* [What this task involves]:
Reproduce, word for word, the lines in the material below starting with the one that has "龙虎榜单日净买入额前三为东芯" and going on through the one that has "Le tissu Bloom". Leave out all pictures.

* [Records for this task]:
^^^^^^^^^^^^^^^^

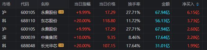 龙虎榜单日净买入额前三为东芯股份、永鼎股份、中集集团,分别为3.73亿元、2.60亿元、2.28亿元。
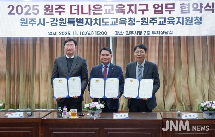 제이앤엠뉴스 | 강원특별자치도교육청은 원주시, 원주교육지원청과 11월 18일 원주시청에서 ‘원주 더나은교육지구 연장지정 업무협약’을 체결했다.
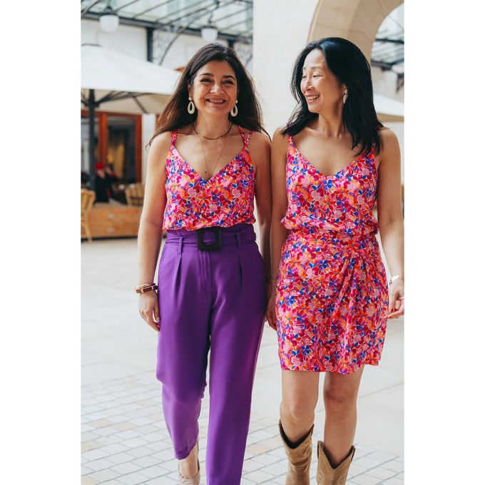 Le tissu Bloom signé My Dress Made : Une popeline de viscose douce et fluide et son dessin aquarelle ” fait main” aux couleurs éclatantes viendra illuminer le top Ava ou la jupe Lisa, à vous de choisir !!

^^^^^^^^^^^^^^^^

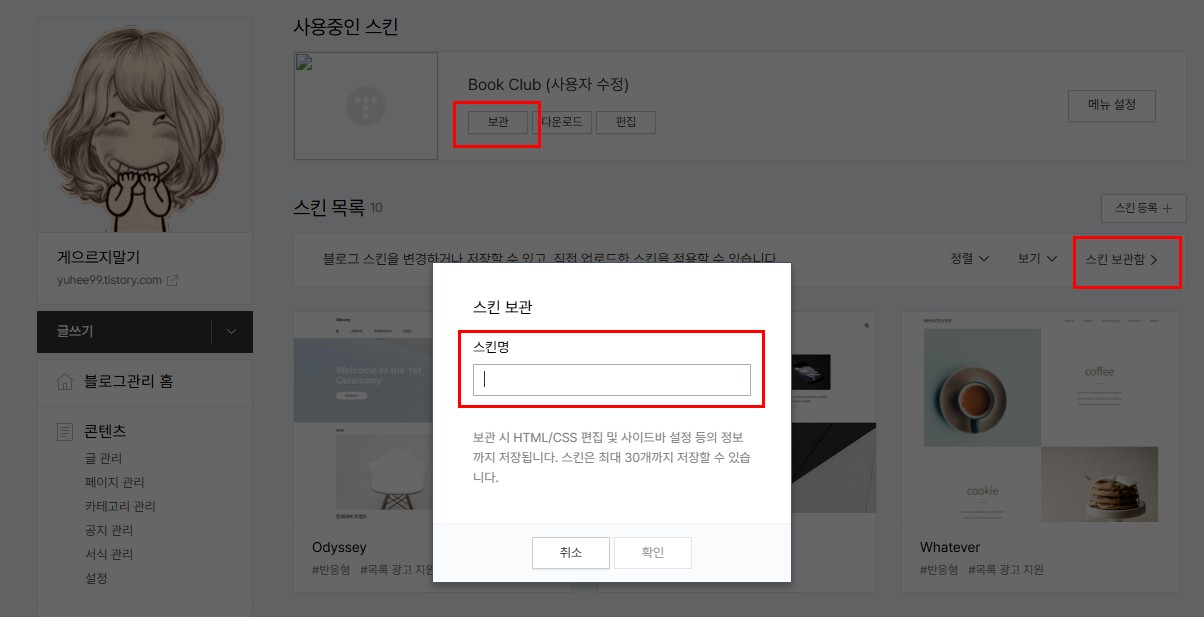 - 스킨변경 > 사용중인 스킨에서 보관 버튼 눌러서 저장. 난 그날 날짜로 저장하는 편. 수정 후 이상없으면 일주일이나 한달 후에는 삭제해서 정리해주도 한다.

^^^^^^^^^^^^^^^^

* [Exercise result]:
 龙虎榜单日净买入额前三为东芯股份、永鼎股份、中集集团,分别为3.73亿元、2.60亿元、2.28亿元。
 제이앤엠뉴스 | 강원특별자치도교육청은 원주시, 원주교육지원청과 11월 18일 원주시청에서 ‘원주 더나은교육지구 연장지정 업무협약’을 체결했다.
 Le tissu Bloom signé My Dress Made : Une popeline de viscose douce et fluide et son dessin aquarelle ” fait main” aux couleurs éclatantes viendra illuminer le top Ava ou la jupe Lisa, à vous de choisir !!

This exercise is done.